Document(metadata={'source': 'https://www.moneycontrol.com/news/business/stocks/buy-tata-motors-target-of-rs-743-kr-choksey-11080811.html'}, page_content='English\n\nHindi\n\nGujarati\n\nSpecials\n\nHello, Login\n\nHello, Login\n\nLog-inor Sign-Up\n\nMy Account\n\nMy Profile\n\nMy Portfolio\n\nMy Watchlist\n\nMy Alerts\n\nMy Messages\n\nPrice Alerts\n\nMy Profile\n\nMy PRO\n\nMy Portfolio\n\nMy Watchlist\n\nMy Alerts\n\nMy Messages\n\nPrice Alerts\n\nLogout\n\nLoans up to ₹50 LAKHS\n\nFixed Deposits\n\nCredit CardsLifetime Free\n\nCredit Score\n\nChat with Us\n\nDownload App\n\nFollow us on:\n\nNetwork 18\n\nGo Ad-Free\n\nMy Alerts\n\n>->MC_ENG_DESKTOP/MC_ENG_NEWS/MC_ENG_STOCKS_AS/MC_ENG_ROS_NWS_STK_AS_ATF_728\n\nMoneycontrol\n\nGo PRO NowPRO\n\nMoneycontrol PRO\n\nAdvertisement\n\nRemove Ad\n\nBusiness\n\nMarkets\n\nStocks\n\nEconomy\n\nCompanies\n\nTrends\n\nIPO\n\nOpinion\n\nEV Special\n\nSubscription Products\n\nprofile\n\nAmbareesh Baliga\n\nprofile\n\nCK Narayan\n\nprofile\n\nT G

In [9]:
embedding_model = HuggingFaceEmbeddings(model_name="sentence-transformers/all-MiniLM-L6-v2")
vectorstore_mistral = FAISS.from_documents(docs, embedding_model)
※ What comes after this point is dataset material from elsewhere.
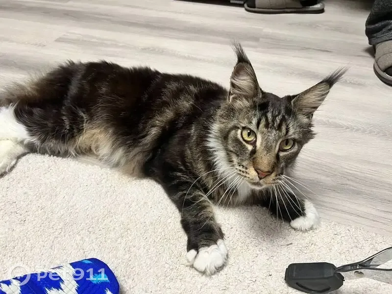 Внешне похож на мейн-куна, может быть помесь, вроде бы кастрированный кот.... Домашний, ласковый, постоянно ласится. По ночам плакал под сараем, позвали домой... Зашел... Ведёт себя как дома.

  embedding_model = HuggingFaceEmbeddings(model_name="sentence-transformers/all-MiniLM-L6-v2")
  from .autonotebook import tqdm as notebook_tqdm


In [10]:
# Storing vector index create in local
file_path="sample_vector_index.pkl"
with open(file_path, "wb") as f:
    pickle.dump(vectorstore_mistral, f)

In [11]:
if os.path.exists(file_path):
    with open(file_path, "rb") as f:
        vectorIndex = pickle.load(f)

## Retrieving

In [15]:
chain = RetrievalQAWithSourcesChain.from_llm(llm=llm, retriever=vectorIndex.as_retriever())

query = "what is the price of Tiago iCNG?"
# query = "what are the main features of punch iCNG?"

import logging

# See everything LangChain is doing
logging.basicConfig(level=logging.DEBUG)


chain({"question": query}, return_only_outputs=True)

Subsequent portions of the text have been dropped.